We've had such a great, relaxing weekend it's going to be hard to go back to work tomorrow!!

Thursday, February 5, 2015

Through It All

We're in this weird in-between place right now with our journey to becoming parents.  We committed to 3 months of acupuncture and trying the more holistic approach.  Obviously, to this point, without success.  We are nearing the end of our current timeline and are searching for answers for how to proceed.  Do we do IVF?  Do we wait for God to work a miracle in His own way and His own time?

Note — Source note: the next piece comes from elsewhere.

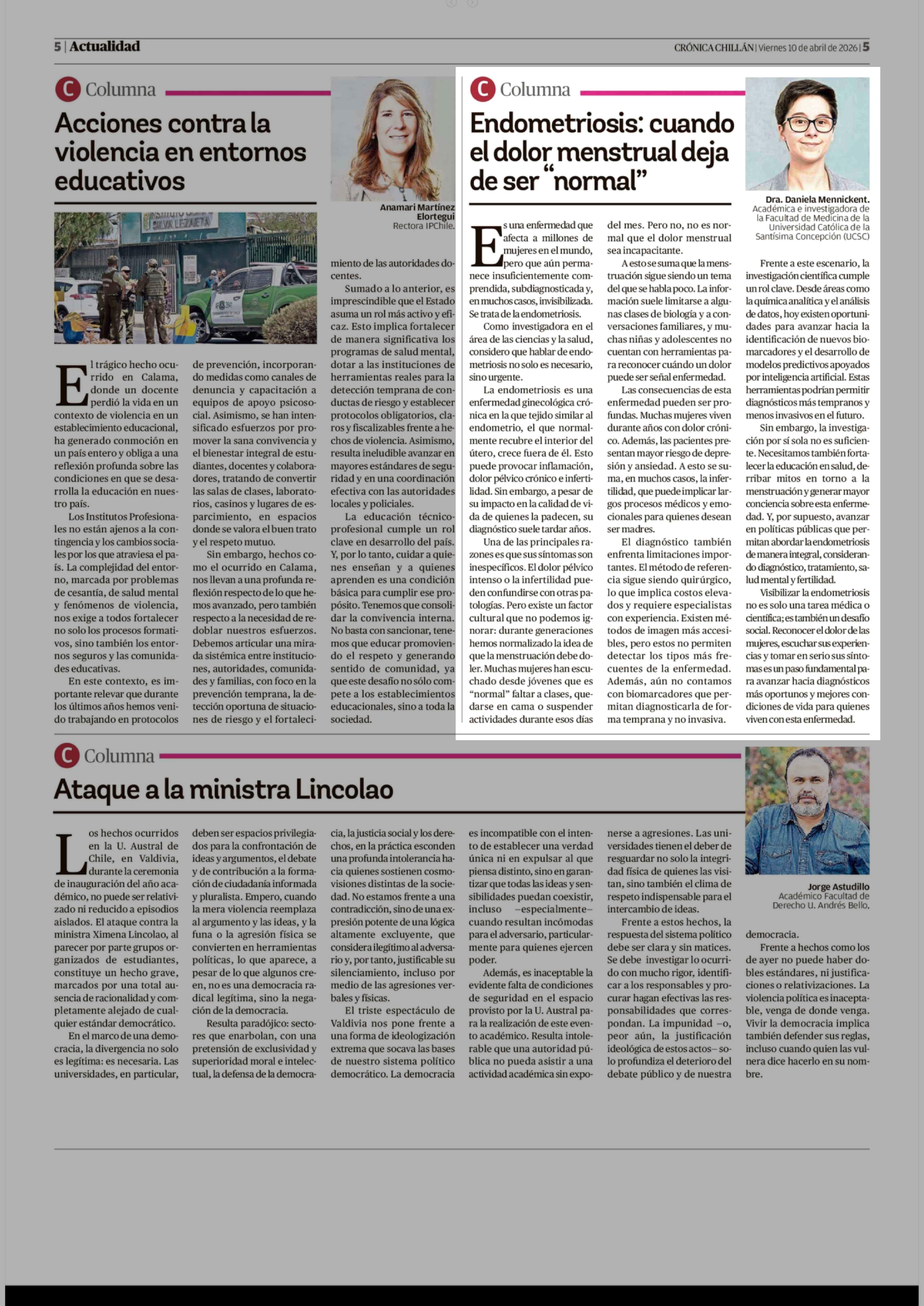 Columnas de Opinión: Endometriosis: cuando el dolor menstrual deja de ser "normal" 10-04-2026 Crónica de Chillán |

I am acutely aware of my Martha-like tendencies and my desire to control things.  I refuse to be like Sarah and Abraham and try to force things to happen my way and in my time.  But I also don't want to sit around and do nothing if the Lord is calling us to move.

This whole journey can end up being one giant ball of frustration - trying to figure out our next steps, waiting for the Lord to work out something good, something I know He's called me to (i.e. motherhood).  I find myself wondering often, if He's called me to be a mom, why is it proving so difficult to become one?  And sometimes it's easy to fall into the trap of not believing that He can and will work this out.

I read this passage in John 9 last week about Jesus healing the blind man, and I was instantly moved to tears.

Now as Jesus passed by, He saw a man who was blind from birth.  And His disciples asked him, saying, "Rabbi, who sinned, this man or his parents, that he was born blind?"  Jesus answered, "Neither this man nor his parents sinned, but that the works of God should be revealed in him..."

God allowed this man to be blind so that Jesus could heal him, and in doing so, reveal His healing power.

Hallelujah.

Oh, that Jesus would use my struggle to reveal His power to others.  That my life would be a testimony to His majesty and power and love and grace.  That He would remind me daily that, no matter what happens to our dreams of having a family, it is well with me.

Far be it for me to not believe.
Even when my eyes can't see.
And this mountain that's in front of me.
Will be thrown into the midst of the sea.

Through it all
Through it all
My eyes are on You.

Through it all
Through it all
It is well.

So let go my soul and trust in Him.
The waves and wind still know His name.